**EXERCISE DIRECTIONS:** Please copy the listing that follows exactly, leaving out any pictures.

**RECORDED DATA:**
________

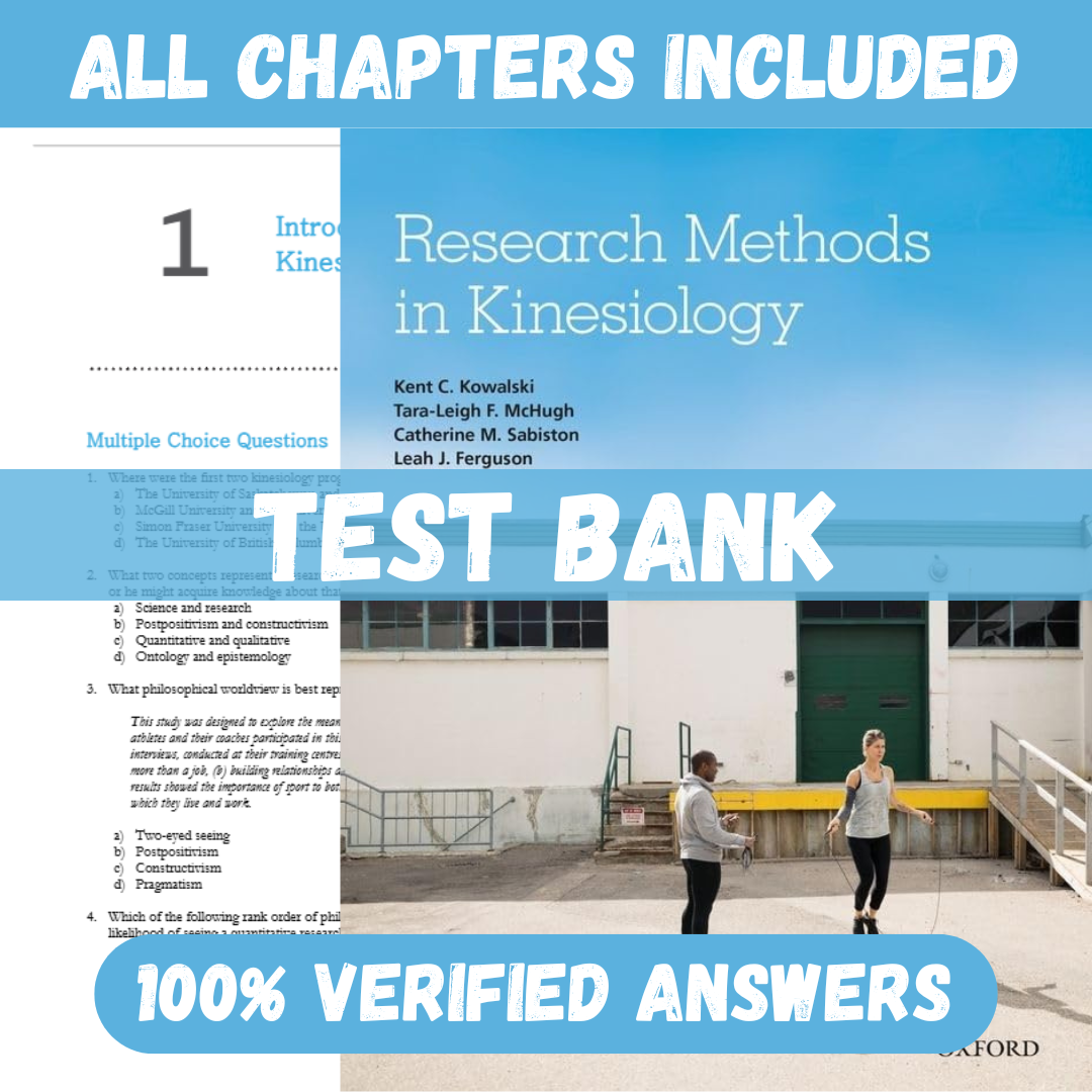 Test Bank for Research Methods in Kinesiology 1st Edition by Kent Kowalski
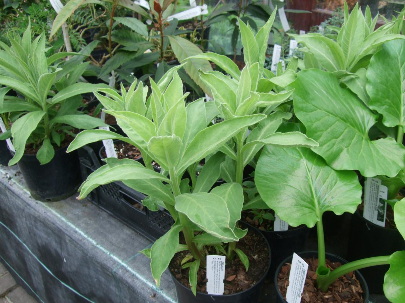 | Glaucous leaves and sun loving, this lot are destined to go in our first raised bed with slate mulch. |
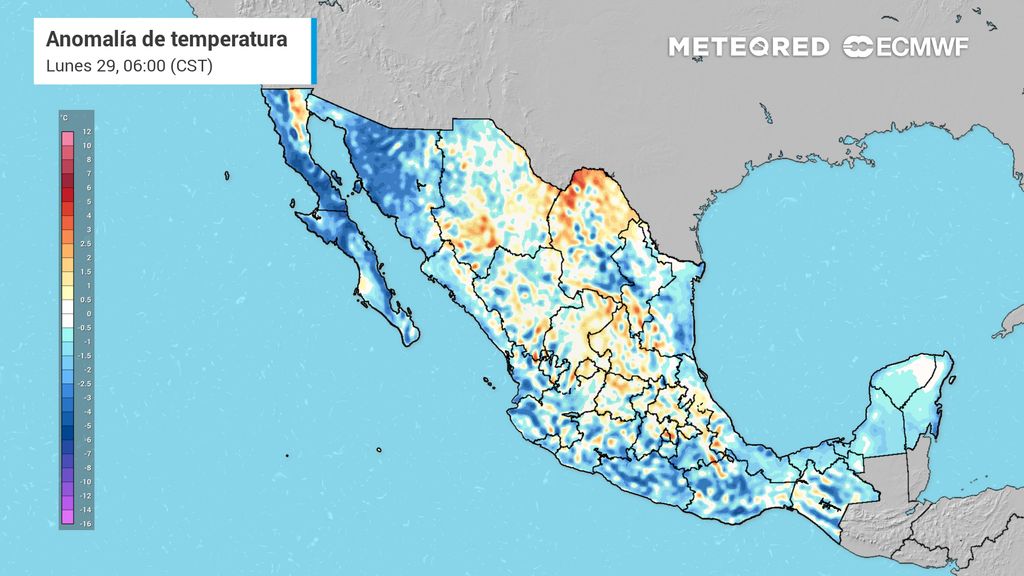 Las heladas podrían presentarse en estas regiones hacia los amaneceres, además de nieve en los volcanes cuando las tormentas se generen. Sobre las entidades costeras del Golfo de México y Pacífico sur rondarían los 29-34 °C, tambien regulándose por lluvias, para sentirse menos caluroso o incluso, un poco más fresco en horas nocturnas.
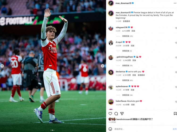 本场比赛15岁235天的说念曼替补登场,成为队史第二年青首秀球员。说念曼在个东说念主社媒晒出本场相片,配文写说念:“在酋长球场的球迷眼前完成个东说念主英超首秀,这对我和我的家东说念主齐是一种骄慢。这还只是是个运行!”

________

**RESULT FOR THIS TASK:**
 Test Bank for Research Methods in Kinesiology 1st Edition by Kent Kowalski
 | Glaucous leaves and sun loving, this lot are destined to go in our first raised bed with slate mulch. |
 Las heladas podrían presentarse en estas regiones hacia los amaneceres, además de nieve en los volcanes cuando las tormentas se generen. Sobre las entidades costeras del Golfo de México y Pacífico sur rondarían los 29-34 °C, tambien regulándose por lluvias, para sentirse menos caluroso o incluso, un poco más fresco en horas nocturnas.
 本场比赛15岁235天的说念曼替补登场,成为队史第二年青首秀球员。说念曼在个东说念主社媒晒出本场相片,配文写说念:“在酋长球场的球迷眼前完成个东说念主英超首秀,这对我和我的家东说念主齐是一种骄慢。这还只是是个运行!”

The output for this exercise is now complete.